Files 01-04 treated images as isolated snapshots. But the visual world is continuous: objects move, scenes change, and depth exists. This file extends computer vision into the temporal domain (video) and the spatial domain (3D), covering how models understand motion, track objects, estimate depth, and reconstruct scenes.
A video is a sequence of images (frames) captured over time. At 30 frames per second, a 10-second clip contains 300 frames. The key challenge is modelling the temporal dimension: how do objects move, how do scenes evolve, and how can we relate information across frames?
Optical flow estimates the apparent motion of pixels between two consecutive frames. For each pixel in frame \(t\), optical flow produces a 2D displacement vector \((u, v)\) pointing to where that pixel moved in frame \(t+1\). The result is a dense motion field the same size as the image.

Two consecutive video frames and the optical flow field between them, visualised as coloured arrows showing pixel motion direction and magnitude

Optical flow is computed under the brightness constancy assumption: a pixel's intensity does not change as it moves. If a pixel at position \((x, y)\) in frame \(t\) has intensity \(I(x, y, t)\) and moves by \((u, v)\) in a small time interval \(\delta t\):

\[I(x + u\delta t, \, y + v\delta t, \, t + \delta t) = I(x, y, t)\]

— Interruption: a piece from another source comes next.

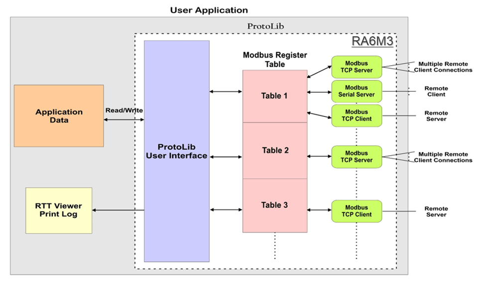 The protocol library stack designed and developed by GCT Lab for Renesas RA series MCUs supports Modbus, IEC 60870-5-101 and IEC 60870-5-104 communication standards. The optimized embedded Modbus TCP/IP and RTU stack enables communication with multiple clients and servers using ProtoKit application software developed and ported onto Renesas RA6M3 MCU by GCT Labs. It is easily ported to other RA microcontrollers with Ethernet functionality.

Taking a first-order Taylor expansion (chapter 03) and dividing by \(\delta t\):

\[I_x u + I_y v + I_t = 0\]

where \(I_x, I_y\) are the spatial gradients (Sobel, file 01) and \(I_t\) is the temporal gradient (difference between consecutive frames). This is the optical flow constraint equation. One equation, two unknowns (\(u, v\)): we need an additional constraint.
Lucas-Kanade assumes the flow is constant within a small window (e.g., 5x5 pixels). This gives an overdetermined system (25 equations, 2 unknowns) solved by least squares (the normal equation from chapter 06):

\[ \begin{bmatrix} u \\ v \end{bmatrix} = \begin{bmatrix} \sum I_x^2 & \sum I_x I_y \\ \sum I_x I_y & \sum I_y^2 \end{bmatrix}^{-1} \begin{bmatrix} -\sum I_x I_t \\ -\sum I_y I_t \end{bmatrix} \]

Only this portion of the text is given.